本小节中,我们将使用TensorFlow实现K-Means算法, 并利用它对手写字图像进行分类。这个例子将使用MNIST数据集。
1.导入库
import numpy as np
import tensorflow as tf
from tensorflow.contrib.factorization import KMeans
2.忽略所有GPU, tensorflow的随机森林不会从中受益
import os
os.environ['CUDA_VISIBLE_DEVICES'] = ''
3.导入MNIST数据集
from tensorflow.examples.tutorials.mnist import input_data
mnist = input_data.read_data_sets("MNIST_data",one_hot=True)

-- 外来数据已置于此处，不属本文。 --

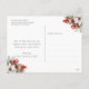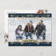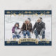 Elegant blue and gold botanical photo Happy New Year postcard featuring a blue photo frame adorned with holly, berries and falling snow on the front and a watercolor painting of poinsettia, holly and red berries at the back.

full_data_x = mnist.train.images
4.参数
num_steps = 50 #步长
batch_size = 1024 #每次batch样本的数量
k = 25 #聚类中心数目
num_classes = 10 #MNIST数据集10种数字 0 到 9
num_features = 784 #每幅图片的大小是 28x28 像素点
5.图片和标签的占位符(placeholder)
#图片
X = tf.placeholder(tf.float32, shape=[None, num_features])
#标签
Y = tf.placeholder(tf.float32, shape=[None, num_classes])
6.K-Mean的一些参数
kmeans = KMeans(inputs=X, num_clusters=k, distance_metric='cosine', use_mini_batch=True)
7.创建KMeans图
training_graph = kmeans.training_graph()
(all_scores, cluster_idx, scores, cluster_centers_initialized, init_op, train_op) = training_graph
cluster_idx = cluster_idx[0] #cluster_idx是一个只有一个元素的元组,这里将其取出
avg_distance = tf.reduce_mean(scores) #平均距离
8.TensorFlow初始化, 新建一个会话
init = tf.global_variables_initializer()
sess = tf.Session()
9.初始化
sess.run(init)
sess.run(init_op, feed_dict={X:full_data_x})
10.训练
for i in range(1, num_steps + 1):
_, d, idx = sess.run([train_op, avg_distance, cluster_idx], feed_dict={X:full_data_x})
if i % 10 ==0 or i == 1:
print("step %i, 平均距离: %g" % (i, d))
11.为每个中心分配一个标签。用每个训练样本的标签到最近的质心(由'idx'给出)计算每个质心的标签总数,
counts = np.zeros(shape=(k, num_classes))
for i in range(len(idx)):
counts[idx[i]] += mnist.train.labels[i]
labels_map = [np.argmax(c) for c in counts]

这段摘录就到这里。